_EXERCISE DESCRIPTION_
Copy the following data exactly and drop the pictures.

_GIVEN ENTRIES_
::::

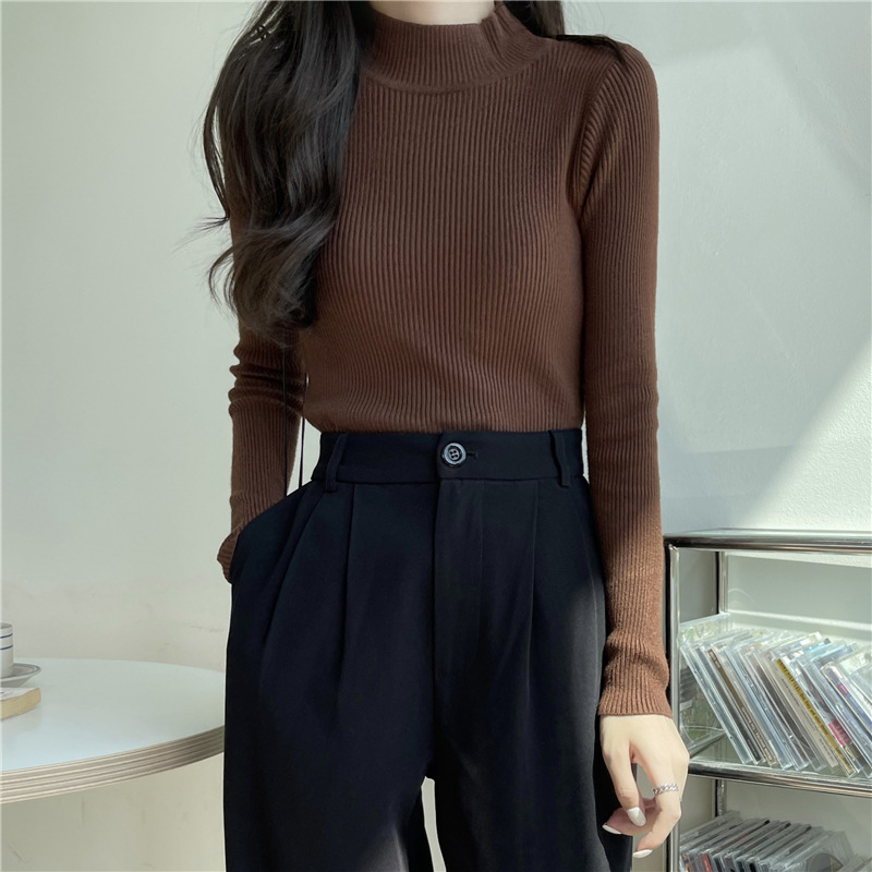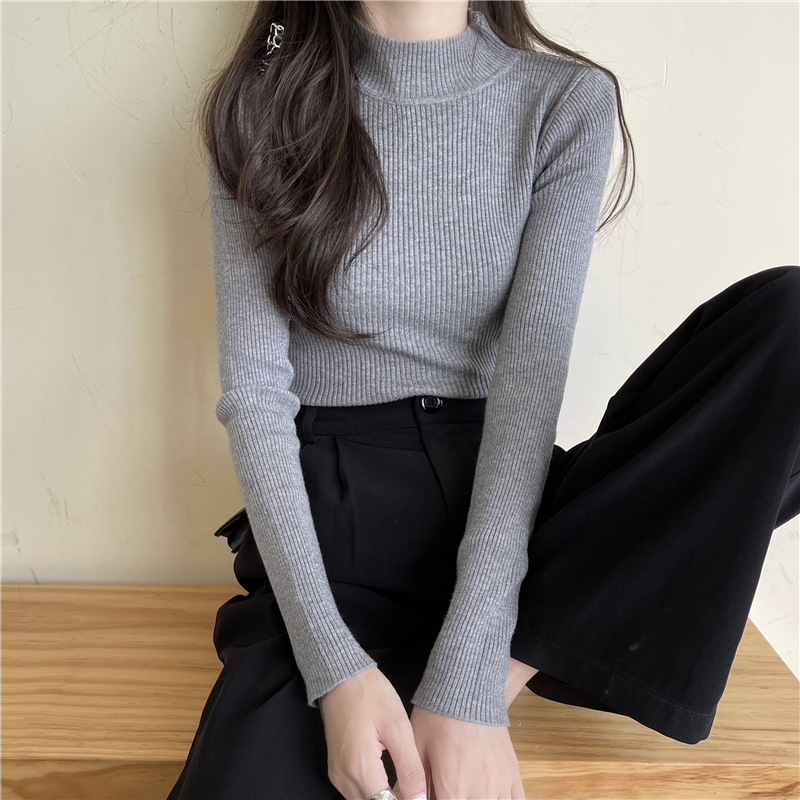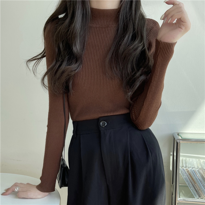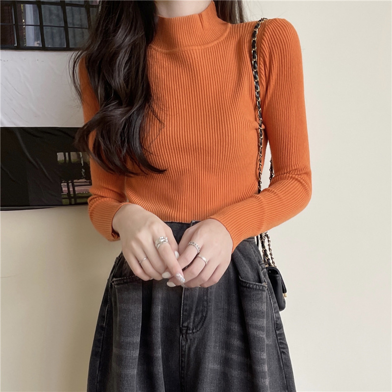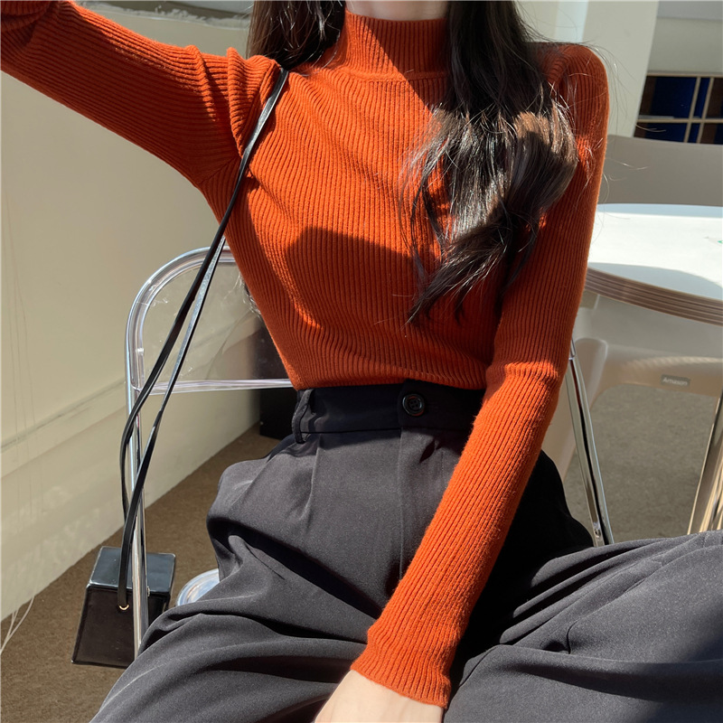 새로운 폭발 틈새 반 터틀넥 스웨터 블랙 긴 소매 니트 스웨터 여성용 가을 및 겨울 내부 단단한 머리 보호스토어 가기
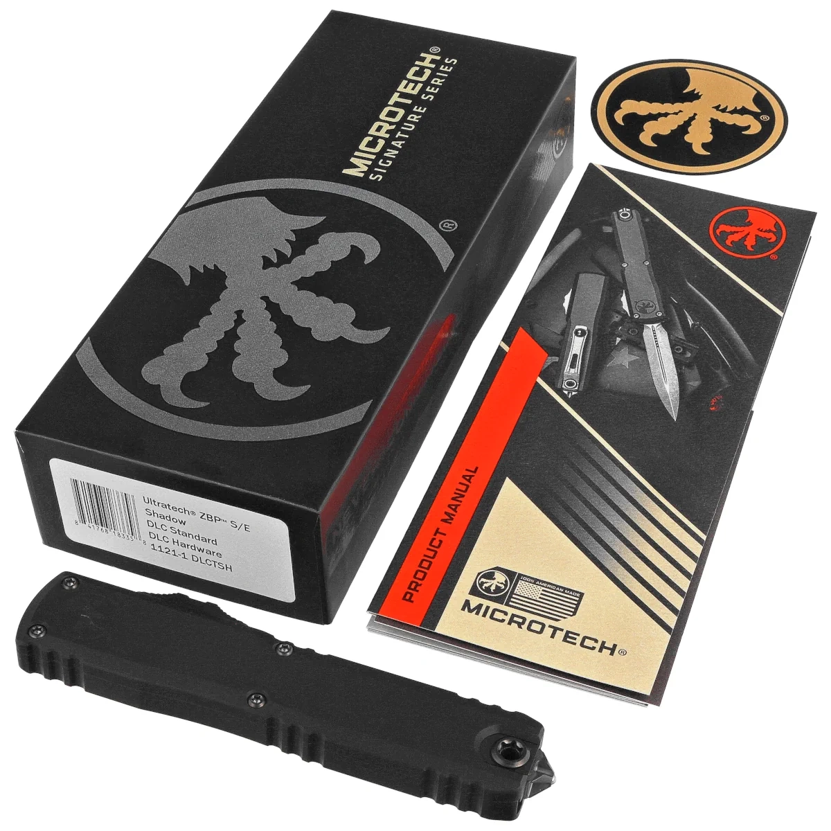• Ultratech Gen 3 ZBP S/E Signature Black Shadow Aluminum, Black Shadow DLC is an upgraded version of Microtech's iconic knife: new glass striker, Crud Kutter system, Dual-Fuel Drive Train and Zero Blade Play™ - no blade play when unfolded.
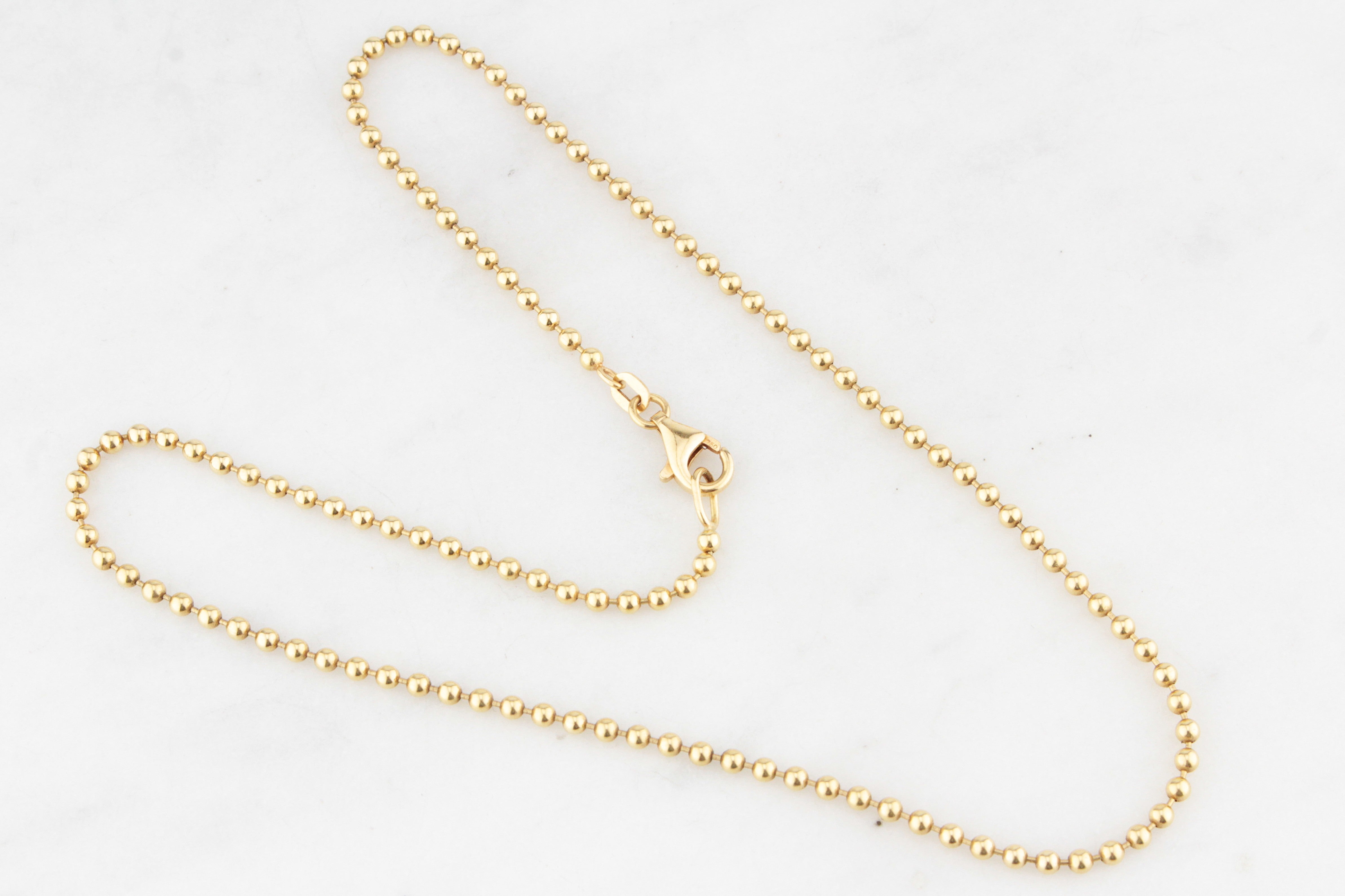 Smooth, tactile, and oh-so-luxurious, this vintage ball link chain in solid 18ct gold is a minimalist’s dream. The rounded links catch the light beautifully while offering a soft, fluid drape. Wear it solo for a sleek statement or layer it with your favourite pendants for an elevated everyday look.
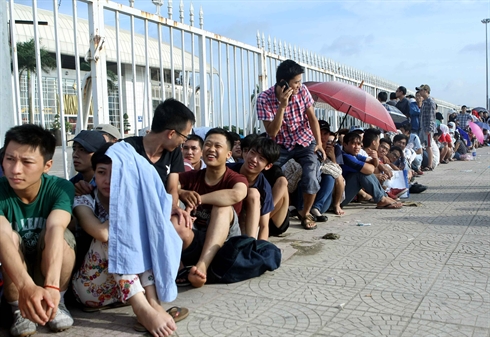 | Les fans font la queue au stade national de My Dinh, à Hanoi, pour acheter des billets du match amical opposant Arsenal au onze vietnamien. |
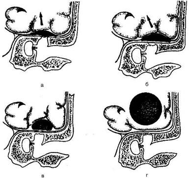 Различают экстрадуральный, субдуралъный, а также внутри-мозговые абсцессы (рис. 5.52). Их расположение по отношению к оболочкам мозга и самому веществу мозга в определенной степени отражает этапы распространения инфекции из полостей среднего уха.
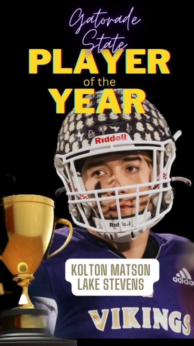BREAKING — Lake Stevens Viking junior Quarterback Kolton Matson was awarded the Gatorade State Player of the Year Wednesday — nabbing the award given annually to the state’s top player regardless of classification or position.
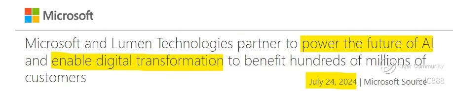 On 24 Jun 2024, there was an announcement by both Lumen Technologies and $Microsoft(MSFT)$ about their collaboration to power the future of artificial intelligence (AI) and enable digital transformation.
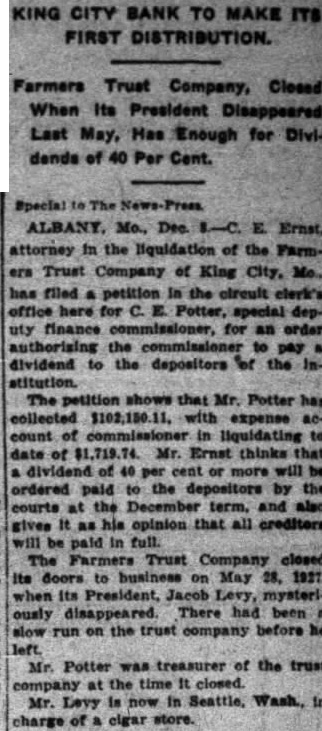 (By the Associated Press) St. Joseph, June trace has been found of Jacob Levy, vice president of the Farmers Trust Co., at King City, Mo., who left his home Saturday, causing indirectly the closing of the institution yesterday. Officials said today there has been a slow run on the bank for several weeks and that Levy worried much over it. He left a note to another officer of the bank saying he was going on vacation and did not know when he would return. He took nothing from the bank except a revolver but he did dispose of other holdings in King City. The Trust company closed after Levy left because officials feared in the face of the previous run that heavy withdrawals would result if it were known that the bank president had gone. Levy is 60 years old and a widower, His bank colleagues believe he left town rather than face what he considered the disgrace of being president of a bank that failed. free." "The gates of America are wide open to industry," he said "and it is up to each individual person to decide definitely what course he will follow and the importance of it is that he keep in that path. "Religion, morality and knowledge are the essential ideals of a true American. Will you, as citizens of America, with mentality and ability to progress, uphold these ideals or will you tear them down for the socalled socialism being practiced by many today? "Loyalty to the constitution of the United States and the enforcement of its laws, should be observed by every true American citizen." Mr. Hyde complimented the class members for having had the opportunity to complete their work in such a college as Ozark Wesleyan, which he stated sets forth a vision and an ideal for religion, morality and knowledge. The Rev. J. C. Gilbreath of Sedalia, member of the board of trustees of Ozark Wesleyan, read group of resolutions passed and adopted during the session of the board yesterday, written in appreciation of the work accomplished during the last year and praising those who were instrumental in bringing about Ozark Wesleyan success. Dean Reser Presents Classes The graduates in the two departments of the college receiving diplomas were presented by Dean L. Reser. The 17 academic graduates, wearing gray caps and gowns took their places on the platform first. The 54 college students followed, in black caps and gowns. This group included students receiving diplomas in the departments science, education and fine arts. Teachers' certificates were also awarded at this time. The diplomas were presented by President King, who spoke to the students, urging that they not drop their education and college life now that they had completed the junior college work, but that they return to Ozark Wesleyan next year for the other two years' work. The Rev. Gilbreath of Sedalia,

::::

_ANSWER FOR THIS EXERCISE_
 새로운 폭발 틈새 반 터틀넥 스웨터 블랙 긴 소매 니트 스웨터 여성용 가을 및 겨울 내부 단단한 머리 보호스토어 가기
• Ultratech Gen 3 ZBP S/E Signature Black Shadow Aluminum, Black Shadow DLC is an upgraded version of Microtech's iconic knife: new glass striker, Crud Kutter system, Dual-Fuel Drive Train and Zero Blade Play™ - no blade play when unfolded.
 Smooth, tactile, and oh-so-luxurious, this vintage ball link chain in solid 18ct gold is a minimalist’s dream. The rounded links catch the light beautifully while offering a soft, fluid drape. Wear it solo for a sleek statement or layer it with your favourite pendants for an elevated everyday look.
 | Les fans font la queue au stade national de My Dinh, à Hanoi, pour acheter des billets du match amical opposant Arsenal au onze vietnamien. |
 Различают экстрадуральный, субдуралъный, а также внутри-мозговые абсцессы (рис. 5.52). Их расположение по отношению к оболочкам мозга и самому веществу мозга в определенной степени отражает этапы распространения инфекции из полостей среднего уха.
BREAKING — Lake Stevens Viking junior Quarterback Kolton Matson was awarded the Gatorade State Player of the Year Wednesday — nabbing the award given annually to the state’s top player regardless of classification or position.
 On 24 Jun 2024, there was an announcement by both Lumen Technologies and $Microsoft(MSFT)$ about their collaboration to power the future of artificial intelligence (AI) and enable digital transformation.
 (By the Associated Press) St. Joseph, June trace has been found of Jacob Levy, vice president of the Farmers Trust Co., at King City, Mo., who left his home Saturday, causing indirectly the closing of the institution yesterday. Officials said today there has been a slow run on the bank for several weeks and that Levy worried much over it. He left a note to another officer of the bank saying he was going on vacation and did not know when he would return. He took nothing from the bank except a revolver but he did dispose of other holdings in King City. The Trust company closed after Levy left because officials feared in the face of the previous run that heavy withdrawals would result if it were known that the bank president had gone. Levy is 60 years old and a widower, His bank colleagues believe he left town rather than face what he considered the disgrace of being president of a bank that failed. free." "The gates of America are wide open to industry," he said "and it is up to each individual person to decide definitely what course he will follow and the importance of it is that he keep in that path. "Religion, morality and knowledge are the essential ideals of a true American. Will you, as citizens of America, with mentality and ability to progress, uphold these ideals or will you tear them down for the socalled socialism being practiced by many today? "Loyalty to the constitution of the United States and the enforcement of its laws, should be observed by every true American citizen." Mr. Hyde complimented the class members for having had the opportunity to complete their work in such a college as Ozark Wesleyan, which he stated sets forth a vision and an ideal for religion, morality and knowledge. The Rev. J. C. Gilbreath of Sedalia, member of the board of trustees of Ozark Wesleyan, read group of resolutions passed and adopted during the session of the board yesterday, written in appreciation of the work accomplished during the last year and praising those who were instrumental in bringing about Ozark Wesleyan success. Dean Reser Presents Classes The graduates in the two departments of the college receiving diplomas were presented by Dean L. Reser. The 17 academic graduates, wearing gray caps and gowns took their places on the platform first. The 54 college students followed, in black caps and gowns. This group included students receiving diplomas in the departments science, education and fine arts. Teachers' certificates were also awarded at this time. The diplomas were presented by President King, who spoke to the students, urging that they not drop their education and college life now that they had completed the junior college work, but that they return to Ozark Wesleyan next year for the other two years' work. The Rev. Gilbreath of Sedalia,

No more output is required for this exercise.